▶ **To do**: Transcribe the data that follows, exactly and in full.

Data provided section start

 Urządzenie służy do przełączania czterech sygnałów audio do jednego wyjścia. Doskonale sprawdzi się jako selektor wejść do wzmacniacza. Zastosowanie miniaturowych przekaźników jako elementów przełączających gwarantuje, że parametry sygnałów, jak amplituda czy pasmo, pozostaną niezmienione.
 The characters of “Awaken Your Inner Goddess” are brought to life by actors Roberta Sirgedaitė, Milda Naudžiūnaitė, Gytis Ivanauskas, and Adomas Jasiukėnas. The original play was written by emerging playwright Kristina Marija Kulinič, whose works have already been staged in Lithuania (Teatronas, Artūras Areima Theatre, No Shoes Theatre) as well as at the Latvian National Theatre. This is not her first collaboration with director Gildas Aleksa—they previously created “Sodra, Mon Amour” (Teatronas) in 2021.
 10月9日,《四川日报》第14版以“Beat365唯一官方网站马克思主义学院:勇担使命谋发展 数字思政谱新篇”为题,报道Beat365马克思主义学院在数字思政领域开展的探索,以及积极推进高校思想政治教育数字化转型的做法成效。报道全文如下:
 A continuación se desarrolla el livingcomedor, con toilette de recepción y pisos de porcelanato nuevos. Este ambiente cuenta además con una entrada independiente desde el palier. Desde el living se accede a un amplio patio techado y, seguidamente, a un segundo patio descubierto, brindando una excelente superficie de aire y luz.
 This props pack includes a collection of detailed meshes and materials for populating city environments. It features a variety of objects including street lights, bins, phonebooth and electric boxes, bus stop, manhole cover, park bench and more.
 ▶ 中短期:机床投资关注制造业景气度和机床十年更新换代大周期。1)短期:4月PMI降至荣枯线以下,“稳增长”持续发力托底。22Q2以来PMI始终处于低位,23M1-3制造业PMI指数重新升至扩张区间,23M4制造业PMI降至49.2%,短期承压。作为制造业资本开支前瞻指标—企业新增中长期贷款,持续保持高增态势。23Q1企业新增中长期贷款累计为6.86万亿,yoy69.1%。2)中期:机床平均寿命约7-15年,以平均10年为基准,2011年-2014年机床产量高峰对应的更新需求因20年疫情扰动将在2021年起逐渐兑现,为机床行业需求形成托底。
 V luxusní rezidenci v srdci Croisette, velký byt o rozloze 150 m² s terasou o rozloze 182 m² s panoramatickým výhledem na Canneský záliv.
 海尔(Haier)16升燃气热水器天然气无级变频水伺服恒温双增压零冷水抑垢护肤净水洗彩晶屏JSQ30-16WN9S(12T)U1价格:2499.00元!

Data provided section end

▶ **Task response**:
 Urządzenie służy do przełączania czterech sygnałów audio do jednego wyjścia. Doskonale sprawdzi się jako selektor wejść do wzmacniacza. Zastosowanie miniaturowych przekaźników jako elementów przełączających gwarantuje, że parametry sygnałów, jak amplituda czy pasmo, pozostaną niezmienione.
 The characters of “Awaken Your Inner Goddess” are brought to life by actors Roberta Sirgedaitė, Milda Naudžiūnaitė, Gytis Ivanauskas, and Adomas Jasiukėnas. The original play was written by emerging playwright Kristina Marija Kulinič, whose works have already been staged in Lithuania (Teatronas, Artūras Areima Theatre, No Shoes Theatre) as well as at the Latvian National Theatre. This is not her first collaboration with director Gildas Aleksa—they previously created “Sodra, Mon Amour” (Teatronas) in 2021.
 10月9日,《四川日报》第14版以“Beat365唯一官方网站马克思主义学院:勇担使命谋发展 数字思政谱新篇”为题,报道Beat365马克思主义学院在数字思政领域开展的探索,以及积极推进高校思想政治教育数字化转型的做法成效。报道全文如下:
 A continuación se desarrolla el livingcomedor, con toilette de recepción y pisos de porcelanato nuevos. Este ambiente cuenta además con una entrada independiente desde el palier. Desde el living se accede a un amplio patio techado y, seguidamente, a un segundo patio descubierto, brindando una excelente superficie de aire y luz.
 This props pack includes a collection of detailed meshes and materials for populating city environments. It features a variety of objects including street lights, bins, phonebooth and electric boxes, bus stop, manhole cover, park bench and more.
 ▶ 中短期:机床投资关注制造业景气度和机床十年更新换代大周期。1)短期:4月PMI降至荣枯线以下,“稳增长”持续发力托底。22Q2以来PMI始终处于低位,23M1-3制造业PMI指数重新升至扩张区间,23M4制造业PMI降至49.2%,短期承压。作为制造业资本开支前瞻指标—企业新增中长期贷款,持续保持高增态势。23Q1企业新增中长期贷款累计为6.86万亿,yoy69.1%。2)中期:机床平均寿命约7-15年,以平均10年为基准,2011年-2014年机床产量高峰对应的更新需求因20年疫情扰动将在2021年起逐渐兑现,为机床行业需求形成托底。
 V luxusní rezidenci v srdci Croisette, velký byt o rozloze 150 m² s terasou o rozloze 182 m² s panoramatickým výhledem na Canneský záliv.
 海尔(Haier)16升燃气热水器天然气无级变频水伺服恒温双增压零冷水抑垢护肤净水洗彩晶屏JSQ30-16WN9S(12T)U1价格:2499.00元!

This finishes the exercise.